Collection entries:

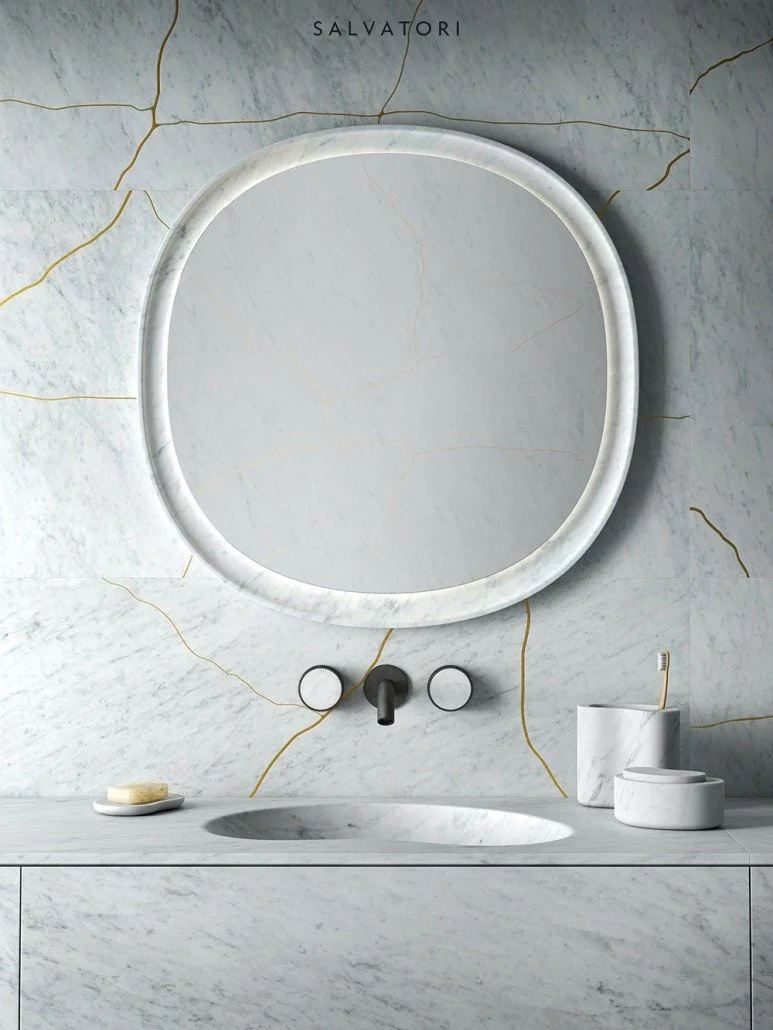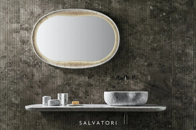 앞서 소개드린 아니마 프리스탠딩 세면대와 동일한 컬렉션인 아니마 거울입니다. 대리석으로 점토의 느낌을 내고자 유체 곡선의 형태를 강조한 바, 평온한 무드를 조성합니다.
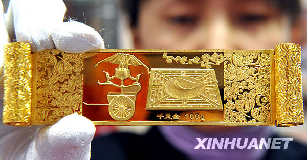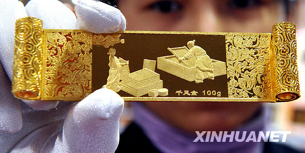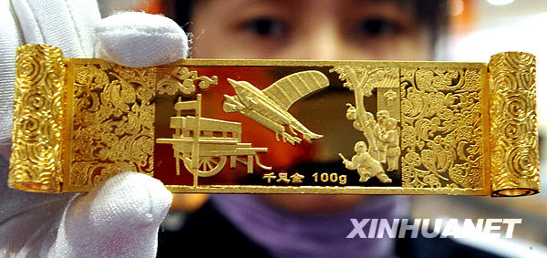寧夏珠寶城出售的千足金“中國古代四大發(fā)明”——造紙術(11月23日攝)。
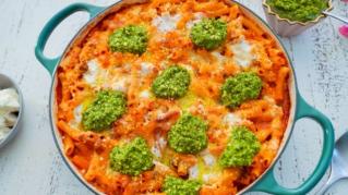Molly Yeh is celebrating her husband's birthday with a delicious, Italian-inspired meal and friendly little roast -- with plenty of cheese! She makes Meaty Ziti with Pesto Dollops, spicy and briny Giardiniera Bruschetta and crispy Fried Olive Salad with creamy harissa dressing. Dessert is a classic Red Velvet Birthday Cake with sweet cream cheese frosting. Break out the flatware and the funny -- it's time for dinner, honey!
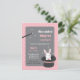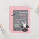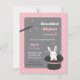 Une invitation avec une baguette magique et un mignon lapin blanc surgit d'un chapeau noir. Parfait pour cette fête d'anniversaire à thème magique ! Arrière - plan du motif pois. Palette de couleurs de blanc, noir, rose et gris.
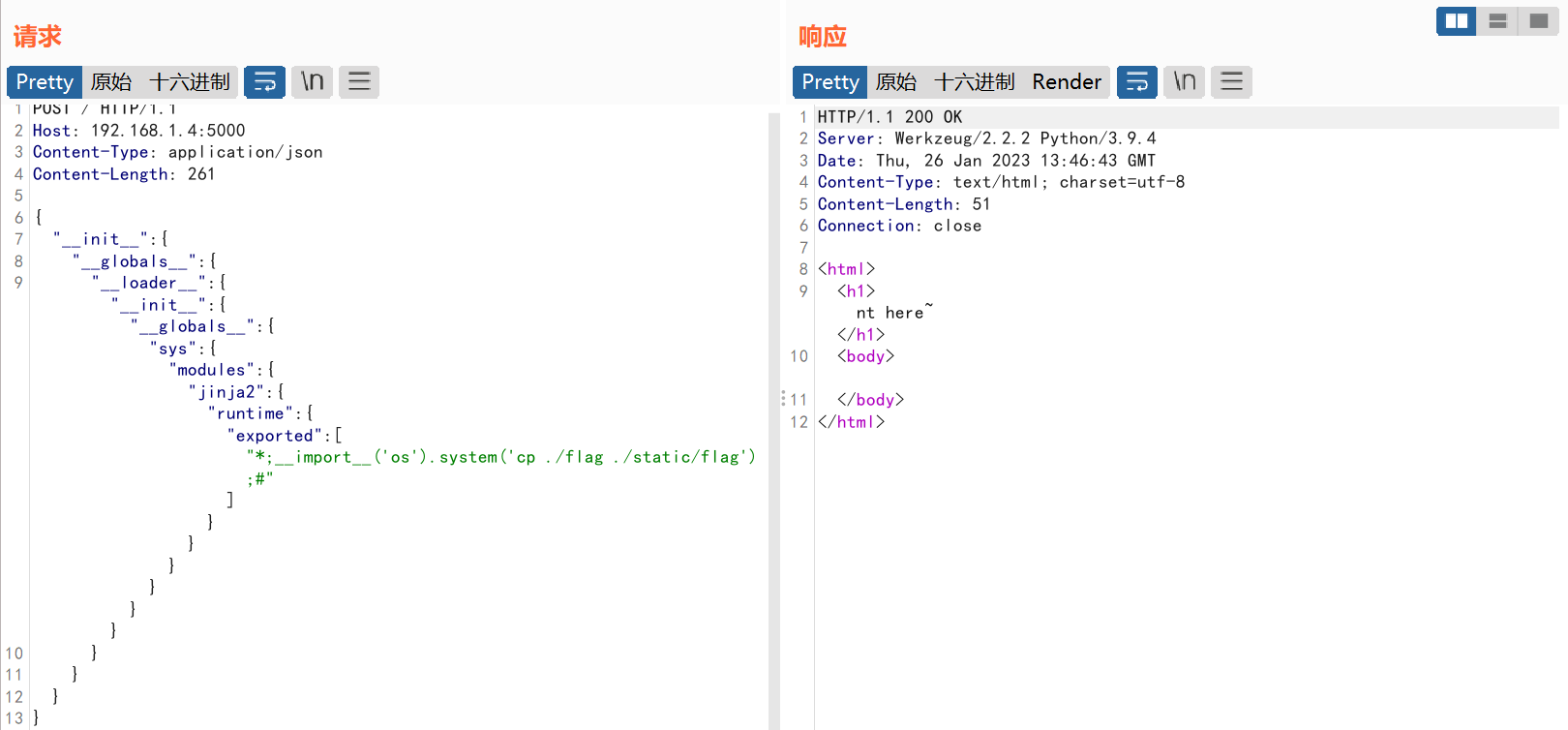 before_first_request修饰的init函数只会在第一次访问前被调用,而其中读取flag的逻辑又需要访问路由/后才能触发,这就构成了矛盾。所以需要使用payload在访问/后重置_got_first_request属性值为假,这样before_first_request才会再次调用。

= Aim of the task =
Retype all the data exactly, please, without pictures.

= Answer for this exercise =
 앞서 소개드린 아니마 프리스탠딩 세면대와 동일한 컬렉션인 아니마 거울입니다. 대리석으로 점토의 느낌을 내고자 유체 곡선의 형태를 강조한 바, 평온한 무드를 조성합니다.
寧夏珠寶城出售的千足金“中國古代四大發(fā)明”——造紙術(11月23日攝)。
Molly Yeh is celebrating her husband's birthday with a delicious, Italian-inspired meal and friendly little roast -- with plenty of cheese! She makes Meaty Ziti with Pesto Dollops, spicy and briny Giardiniera Bruschetta and crispy Fried Olive Salad with creamy harissa dressing. Dessert is a classic Red Velvet Birthday Cake with sweet cream cheese frosting. Break out the flatware and the funny -- it's time for dinner, honey!
 Une invitation avec une baguette magique et un mignon lapin blanc surgit d'un chapeau noir. Parfait pour cette fête d'anniversaire à thème magique ! Arrière - plan du motif pois. Palette de couleurs de blanc, noir, rose et gris.
 before_first_request修饰的init函数只会在第一次访问前被调用,而其中读取flag的逻辑又需要访问路由/后才能触发,这就构成了矛盾。所以需要使用payload在访问/后重置_got_first_request属性值为假,这样before_first_request才会再次调用。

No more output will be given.